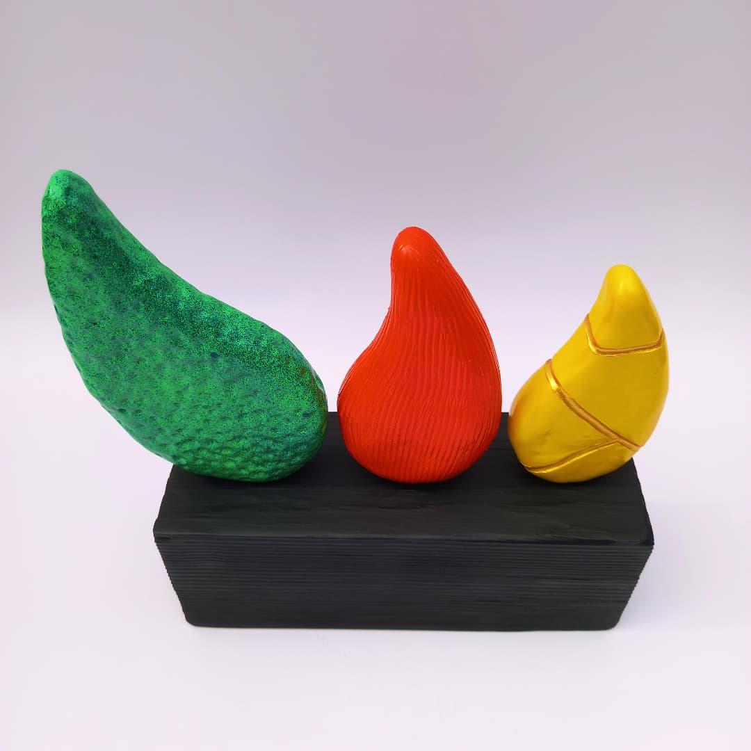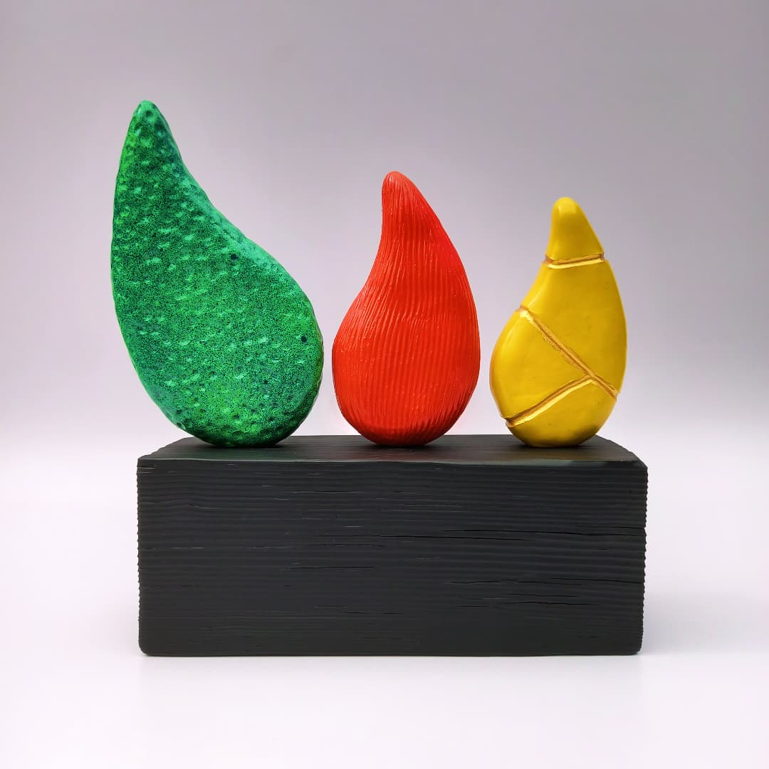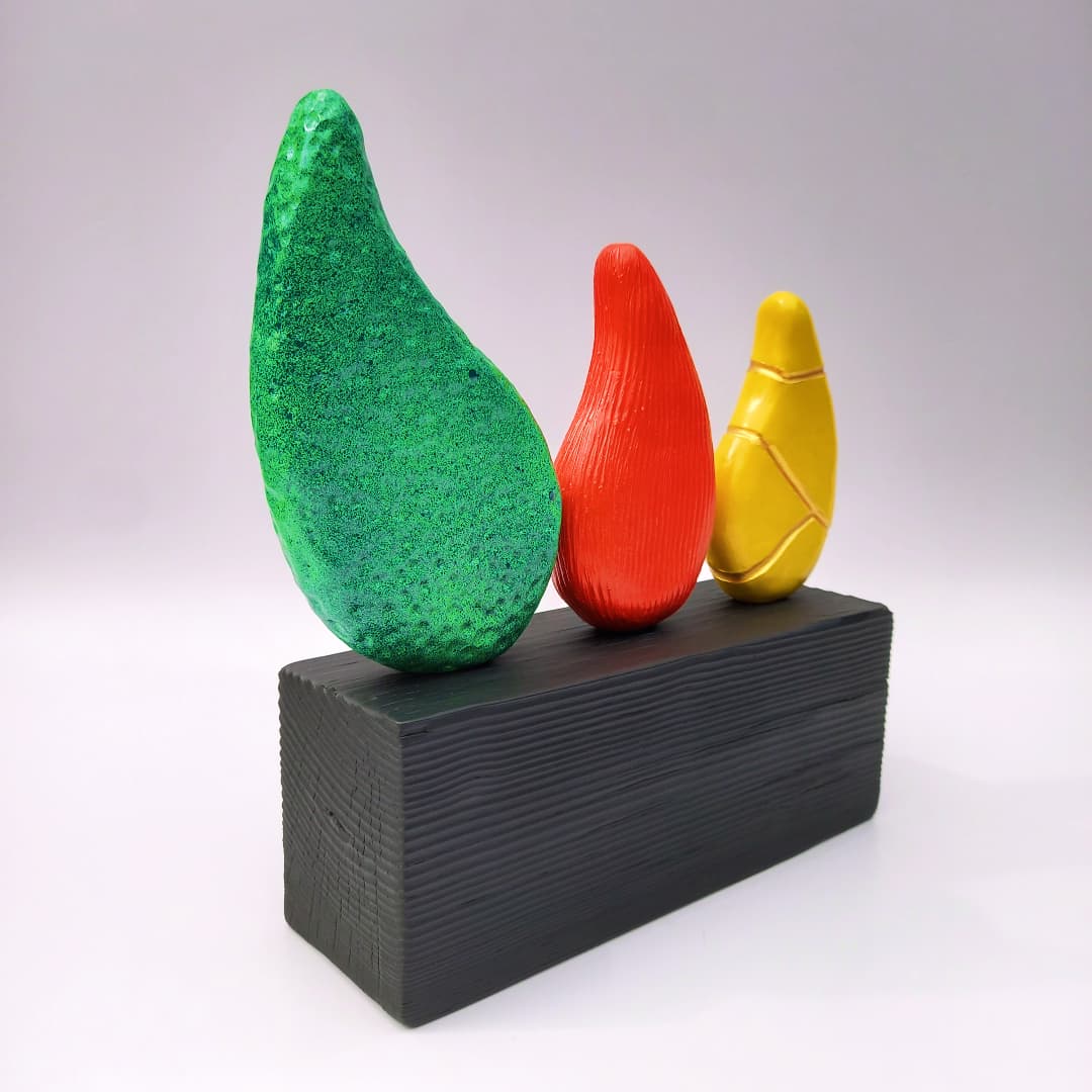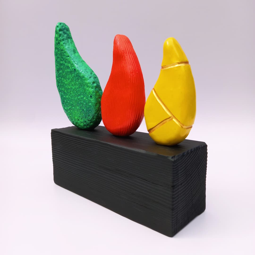 "Manguitos" es una escultura pequeña de 20x15 cm, compuesta por tres figuras de plastilina epóxica con diferentes texturas y colores vibrantes, dispuestas sobre una base de madera texturizada. Su diseño combina lo decorativo con una exploración de la forma, el volumen y la percepción táctil, creando una pieza equilibrada, visualmente llamativa y llena de contraste.
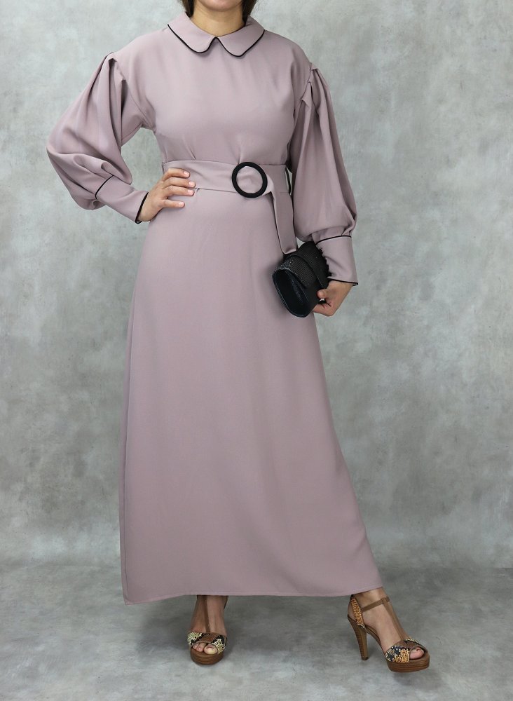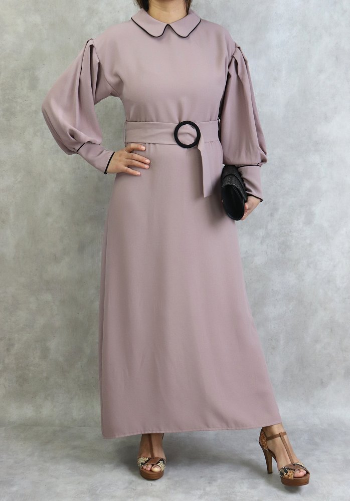Cette robe est parfaite. Réalisée dans un tissu fluide, col claudine, fermeture éclair au dos, manches longues bouffante, une fantaisie de boutons aux poignets, taille resserrée par une ceinture coulissante. Boucle effet écaille.
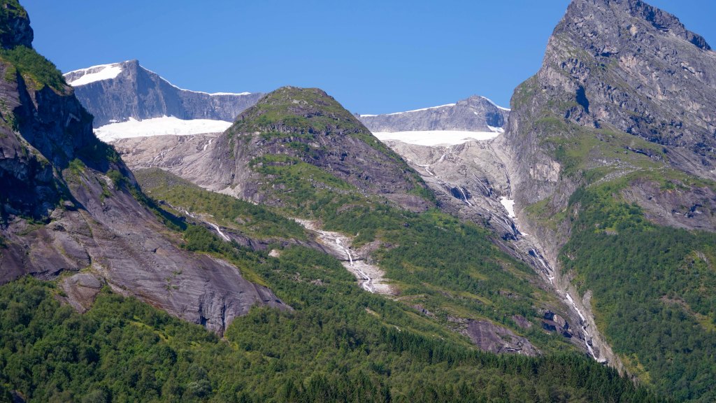 Después de visitar la ciudad, por el mismo puente de entrada hemos salido y recorriendo el Nordfjord primero y Horninsdalvalnet después hemos llegado hasta aquí, Hellesylt, la ciudad desde donde mañana saldremos a hacer un crucerito por el fiordo de Geiranger, uno de los más famosos de Noruega y Patrimonio de la UNESCO, pero eso ya lo veremos mañana.
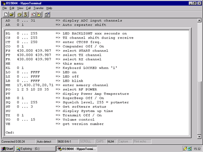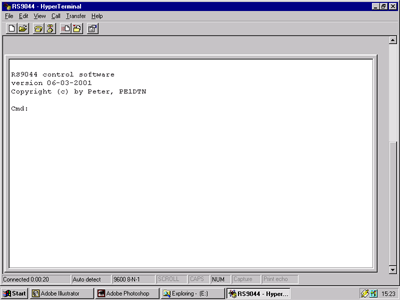 Hiernaast het opstartscherm van de RS9044. De communicatie
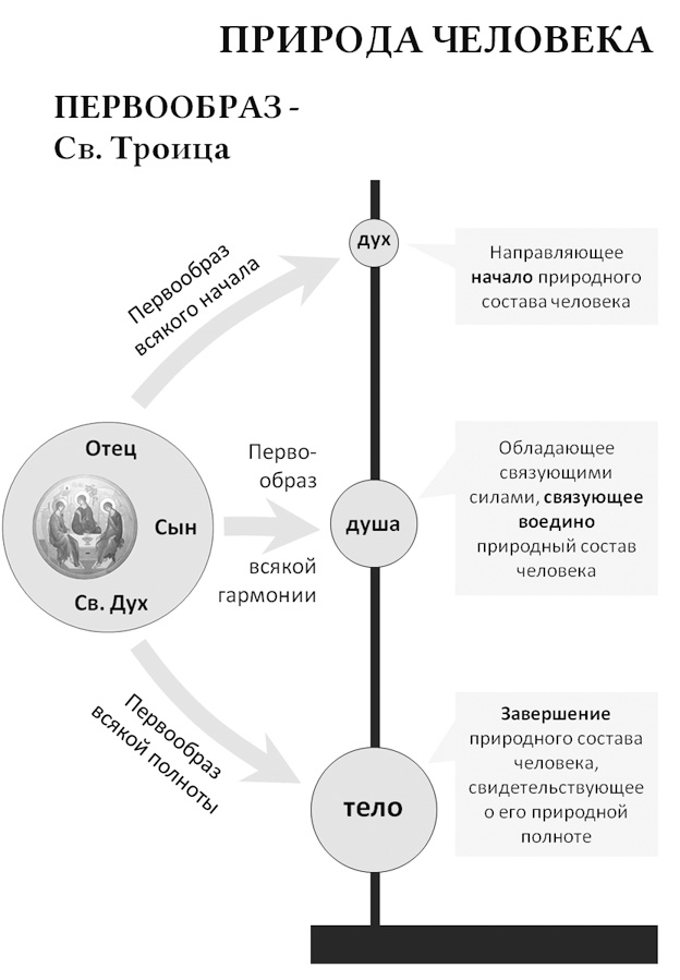 Следующим важным вопросом на пути построения универсальной типологической модели исторических процессов стоит понимание того, каким образом Святая Троица выступает прообразом устроения человека – как в отношении его природы[166], с одной стороны, так и в отношении его ипостасного (макроипостасного) устроения, с другой.
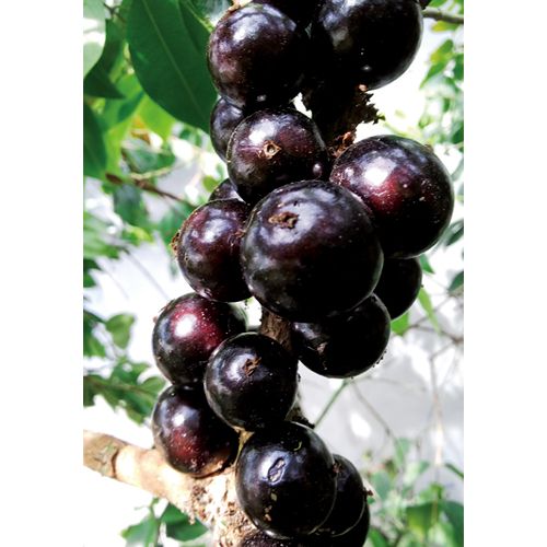 ブドウ「巨峰」に色と味が似た球形果が幹に直接なる。大実の豊産性四季なり種で、株が充実すると花後約40日で収穫できる。フトモモ科

> Exercise directions
Write out the data precisely as given, excluding the pictures.

> Exercise solution
 "Manguitos" es una escultura pequeña de 20x15 cm, compuesta por tres figuras de plastilina epóxica con diferentes texturas y colores vibrantes, dispuestas sobre una base de madera texturizada. Su diseño combina lo decorativo con una exploración de la forma, el volumen y la percepción táctil, creando una pieza equilibrada, visualmente llamativa y llena de contraste.
Cette robe est parfaite. Réalisée dans un tissu fluide, col claudine, fermeture éclair au dos, manches longues bouffante, une fantaisie de boutons aux poignets, taille resserrée par une ceinture coulissante. Boucle effet écaille.
 Después de visitar la ciudad, por el mismo puente de entrada hemos salido y recorriendo el Nordfjord primero y Horninsdalvalnet después hemos llegado hasta aquí, Hellesylt, la ciudad desde donde mañana saldremos a hacer un crucerito por el fiordo de Geiranger, uno de los más famosos de Noruega y Patrimonio de la UNESCO, pero eso ya lo veremos mañana.
 Hiernaast het opstartscherm van de RS9044. De communicatie
 Следующим важным вопросом на пути построения универсальной типологической модели исторических процессов стоит понимание того, каким образом Святая Троица выступает прообразом устроения человека – как в отношении его природы[166], с одной стороны, так и в отношении его ипостасного (макроипостасного) устроения, с другой.
 ブドウ「巨峰」に色と味が似た球形果が幹に直接なる。大実の豊産性四季なり種で、株が充実すると花後約40日で収穫できる。フトモモ科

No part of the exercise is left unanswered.